Architecture¶
HydraMem is built around four layers that work together to provide accurate, low-hallucination context to AI agents.
System diagram¶
┌──────────────────────────────────────────────────────────────────────┐
│ Layer 1: AI Clients │
│ OpenCode · Claude Desktop · Cursor · VS Code Copilot · Custom │
│ Invokes Agent Skills (.github/skills/hydramem-*) │
└─────────────────────────────┬────────────────────────────────────────┘
│ HTTP / MCP (Model Context Protocol)
┌─────────────────────────────▼────────────────────────────────────────┐
│ Layer 2: MCP Server (hydramem/server.py) │
│ FastMCP · 18 tools · multi-provider LLM · telemetry logging │
└──────────────┬──────────────────────────┬────────────────────────────┘
│ │
┌──────────────▼──────────────┐ ┌────────▼───────────────────────────┐
│ Layer 3a: Retrieval │ │ Layer 3b: Autonomous Learning │
│ hydramem/search.py │ │ hydramem/garden/gardener.py │
│ · priming_context (fast) │ │ · Phase 1: Relation Inference │
│ · hydra_search (full) │ │ · Phase 2: SR-MKG + VoG verify │
│ · expand_context │ │ · Phase 3: Graph Pruning │
│ · trace_path │ │ hydramem/gnn_prune.py (LightGNN) │
│ │ │ │
│ hydramem/verification/ │ │ │
│ · SR-MKG scoring │ │ │
│ · VoG LLM verification │ │ │
└──────────────┬──────────────┘ └────────┬───────────────────────────┘
│ │
┌──────────────▼──────────────────────────▼───────────────────────────┐
│ Layer 4: Storage (hydramem/storage/) │
│ ┌──────────────────────────────┐ ┌────────────────────────────┐ │
│ │ LadybugDB / Kuzu │ │ LanceDB │ │
│ │ Graph: entities, relations, │ │ Vector index: embeddings, │ │
│ │ chunks, sessions │ │ ANN search (HNSW) │ │
│ │ Cypher queries │ │ In-memory fallback │ │
│ └──────────────────────────────┘ └────────────────────────────┘ │
│ ┌──────────────────────────────────────────────────────────────┐ │
│ │ Telemetry: ~/.hydramem/metrics.db (SQLite) │ │
│ └──────────────────────────────────────────────────────────────┘ │
└──────────────────────────────────────────────────────────────────────┘
Layer 1 – AI Clients¶
HydraMem integrates with any MCP-compatible AI client.

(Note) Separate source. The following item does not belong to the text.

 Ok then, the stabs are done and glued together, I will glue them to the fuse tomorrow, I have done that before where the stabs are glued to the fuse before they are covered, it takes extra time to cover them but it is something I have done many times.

The five bundled Agent Skills (.github/skills/) provide structured workflows for the most common operations:
| Skill | Triggered when agent needs to… |
|---|---|
hydramem-query |
Answer a factual question from the knowledge base |
hydramem-reason |
Multi-hop causal reasoning over the graph |
hydramem-ingest |
Add new documents to the knowledge base |
hydramem-link |
Curate relations manually |
hydramem-garden |
Run the Night Gardener maintenance cycle |
Skills are YAML-frontmatter Markdown files that describe tool sequences to the AI client. They work with any client that supports MCP + agent skills (OpenCode, Cursor, Claude Desktop with plugins).
Layer 2 – MCP Server¶
hydramem/server.py runs a FastMCP HTTP server exposing 18 tools.
Key design decisions:
- Every tool logs telemetry atomically before returning — no silent failures.

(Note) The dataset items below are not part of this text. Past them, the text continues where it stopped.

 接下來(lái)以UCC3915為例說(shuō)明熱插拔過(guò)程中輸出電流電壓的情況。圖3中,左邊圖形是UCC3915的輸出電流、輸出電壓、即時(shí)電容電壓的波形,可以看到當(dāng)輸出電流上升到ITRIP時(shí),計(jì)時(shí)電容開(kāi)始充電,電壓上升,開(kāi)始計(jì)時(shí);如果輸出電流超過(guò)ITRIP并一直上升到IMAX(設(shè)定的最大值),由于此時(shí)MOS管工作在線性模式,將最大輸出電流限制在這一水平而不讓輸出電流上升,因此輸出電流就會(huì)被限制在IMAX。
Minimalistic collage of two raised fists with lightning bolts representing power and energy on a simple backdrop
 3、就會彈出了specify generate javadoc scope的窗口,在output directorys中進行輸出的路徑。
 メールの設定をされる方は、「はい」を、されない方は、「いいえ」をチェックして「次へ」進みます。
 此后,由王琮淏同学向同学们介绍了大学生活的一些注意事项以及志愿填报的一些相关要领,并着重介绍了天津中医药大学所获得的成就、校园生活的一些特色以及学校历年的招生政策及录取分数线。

- Project namespacing — all storage is keyed by project to support multiple independent knowledge bases on one instance.
- Session IDs — each server boot gets a UUID; tools accept an optional session_id override for grouping agent interactions.
- Multi-provider LLM — resolved at startup from config.yml; each tool inherits the global preset unless overridden.

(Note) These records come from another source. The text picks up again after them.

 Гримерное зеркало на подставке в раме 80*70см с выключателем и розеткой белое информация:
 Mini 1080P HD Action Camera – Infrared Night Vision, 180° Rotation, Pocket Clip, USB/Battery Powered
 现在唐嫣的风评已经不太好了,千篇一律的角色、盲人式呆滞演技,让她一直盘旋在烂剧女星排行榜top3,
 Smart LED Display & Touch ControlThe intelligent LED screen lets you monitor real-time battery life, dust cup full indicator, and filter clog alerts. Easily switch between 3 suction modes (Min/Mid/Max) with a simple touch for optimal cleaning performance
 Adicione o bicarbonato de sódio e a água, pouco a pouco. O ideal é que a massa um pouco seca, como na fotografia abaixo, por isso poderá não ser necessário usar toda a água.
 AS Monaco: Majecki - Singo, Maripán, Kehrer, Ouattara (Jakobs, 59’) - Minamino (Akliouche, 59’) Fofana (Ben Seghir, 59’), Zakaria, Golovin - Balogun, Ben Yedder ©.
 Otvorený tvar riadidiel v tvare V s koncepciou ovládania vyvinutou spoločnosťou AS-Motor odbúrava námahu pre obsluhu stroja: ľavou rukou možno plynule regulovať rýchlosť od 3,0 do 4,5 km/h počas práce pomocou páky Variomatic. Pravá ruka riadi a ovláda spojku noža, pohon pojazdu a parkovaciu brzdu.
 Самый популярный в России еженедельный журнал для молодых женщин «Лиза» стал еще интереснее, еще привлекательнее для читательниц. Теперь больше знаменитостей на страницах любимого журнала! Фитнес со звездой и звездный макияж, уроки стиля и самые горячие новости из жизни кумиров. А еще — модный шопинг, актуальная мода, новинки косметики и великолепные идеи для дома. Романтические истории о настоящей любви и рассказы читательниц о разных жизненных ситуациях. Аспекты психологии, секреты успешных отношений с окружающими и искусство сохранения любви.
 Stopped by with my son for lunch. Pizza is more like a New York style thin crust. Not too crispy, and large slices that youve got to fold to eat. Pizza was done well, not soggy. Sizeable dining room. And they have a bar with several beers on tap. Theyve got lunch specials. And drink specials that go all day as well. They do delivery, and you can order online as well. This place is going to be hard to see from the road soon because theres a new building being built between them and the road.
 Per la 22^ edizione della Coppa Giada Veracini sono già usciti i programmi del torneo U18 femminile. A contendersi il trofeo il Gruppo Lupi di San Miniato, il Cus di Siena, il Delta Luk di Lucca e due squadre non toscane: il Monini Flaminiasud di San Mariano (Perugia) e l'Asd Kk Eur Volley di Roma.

Layer 3a – Retrieval Pipeline¶
priming_context (fast path)¶
Used when the agent needs quick context before a conversational turn.
Query → embed (nomic-embed-text-v1.5)
→ LanceDB ANN top-k chunks
→ entity extraction from query (regex + heuristics)
→ graph neighbour expansion (1 hop)
→ deduplicate + rank
→ return context string + chunk list
Average latency: < 100 ms on a modern laptop (no LLM call required).
hydra_search (full path)¶
Used for deep research questions where accuracy matters more than speed.
Query → embed
→ LanceDB ANN top-k
→ entity expansion (BFS / PPR / hybrid)
→ candidate relation retrieval
→ SR-MKG scoring (topological, no LLM; optionally calibrated)
→ borderline relations → VoG (LLM step-by-step)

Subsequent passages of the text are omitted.